Regex to determine if a string is a name of a range or a cell's address

I'm struggling to come up with a regular expression pattern that can help me determine if a string is a cell's address or if it is a cell's name.
Here are some examples of cell addresses:
"E5"
"AA55:E5"
"DD5555:DDD55555, E5, F5:AA55"
"$F7:$G$7"
Here are some examples of cell names:
"bis_document_id"
"PCR1MM_YPCVolume"
"sheet_error7"
"blahE5"
"training_A1"
"myNameIsGeorgeJR"
Is there a regex pattern you guys can come up with that will match all of either group and none of the other?

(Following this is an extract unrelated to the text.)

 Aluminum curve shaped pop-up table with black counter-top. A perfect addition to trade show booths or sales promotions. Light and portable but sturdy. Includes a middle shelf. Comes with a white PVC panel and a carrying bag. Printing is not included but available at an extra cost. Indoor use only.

I have been able to think of a couple of ways to determine what a string is not:
If it has any other character than "$" or ":" in it, I know it is not a cell's name and is most likely a cell's address.

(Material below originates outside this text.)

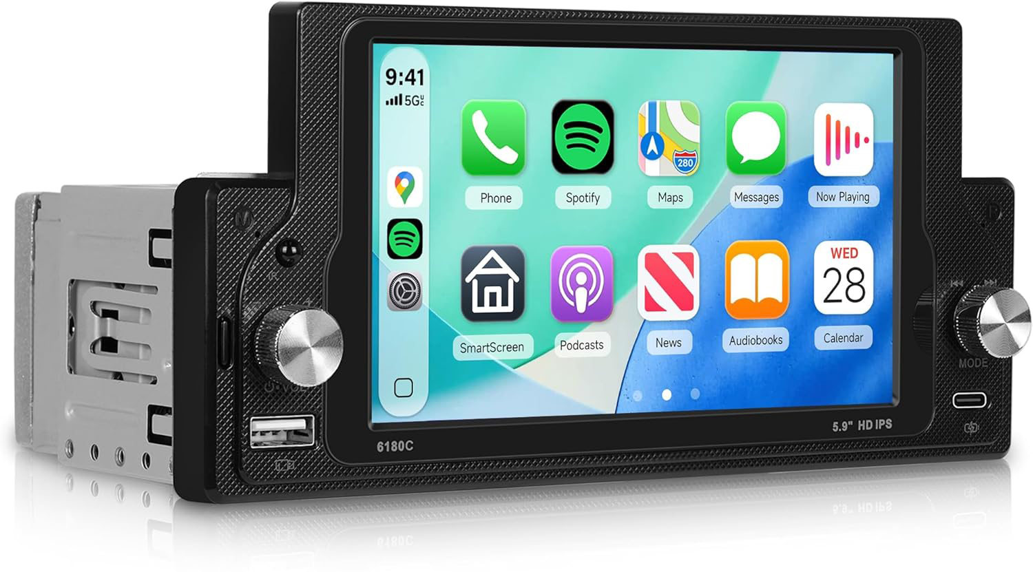 Діагональ: 7", AUX: є, BT: 4.2, Carplay / Android auto: підтримує роботу без дротів, G-сенсор: Є, Miracast: є підтримка бездротової трансляції екрана, WiFi: 5G, Інтерфейс: Type-C / AUX / AV вхід Автоматичне розбиття відео: по 1 / 3 / 5 хв., Відореєстратор: Є, Вага, грам: 270, Вбудований мікрофон: Так, Встановлення: на скло, Гарантія: 12 місяців

If it has more than three consecutive numbers, it is most likely not a cell's address.
A cell's address is extremely unlikely to have more than 2 letters preceding a number, 99.9% of the cell addresses will be in columns A to ZZ.
Alas, these three small tests can hardly prove what this string is.
Thanks for the help!
OK, this one's fun:
^\$?[A-Z]+\$?\d+(?::\$?[A-Z]+\$?\d+)?(?:,\s*(?:\$?[A-Z]+\$?\d+(?::\$?[A-Z]+\$?\d+)?))*$
Let's break it down, because it's rather nasty. The magic subpattern, really, is this:
\$?[A-Z]+\$?\d+
This little thing will match any single valid cell address, with optional absolute-value $s. The next bit,
(?::\$?[A-Z]+\$?\d+)?
will match the same thing optionally (the ? quantifier at the end), but preceded by a colon (:). That lets us get ranges. The next bit,
(?:,\s*(?:\$?[A-Z]+\$?\d+(?::\$?[A-Z]+\$?\d+)?))*
matches the same thing as the first, but zero or more times (using the * quantifier), and preceded by a comma and optional spaces using the special \s token (which means "any whitespace").
Demo on Regex101
If we want to get really fancy (and, mind you, I have no idea whether Excel's regex engine supports this; I just wrote it for fun), we can use recursion to accomplish the same thing:
^((\$?[A-Z]+\$?\d+)(?::(?2))?)(?:,\s*(?1))*$
In this case, the magic \$?[A-Z]+\$?\d+ is inside the second capturing group, which is used recursively by the (?2) token. The entire subpattern for a single address or range of them is contained within the first capture group, and is then used to match additional addresses or ranges in a list.
Demo on Regex101
So here's a regex for VBA which will find any cell reference irrespective where it is.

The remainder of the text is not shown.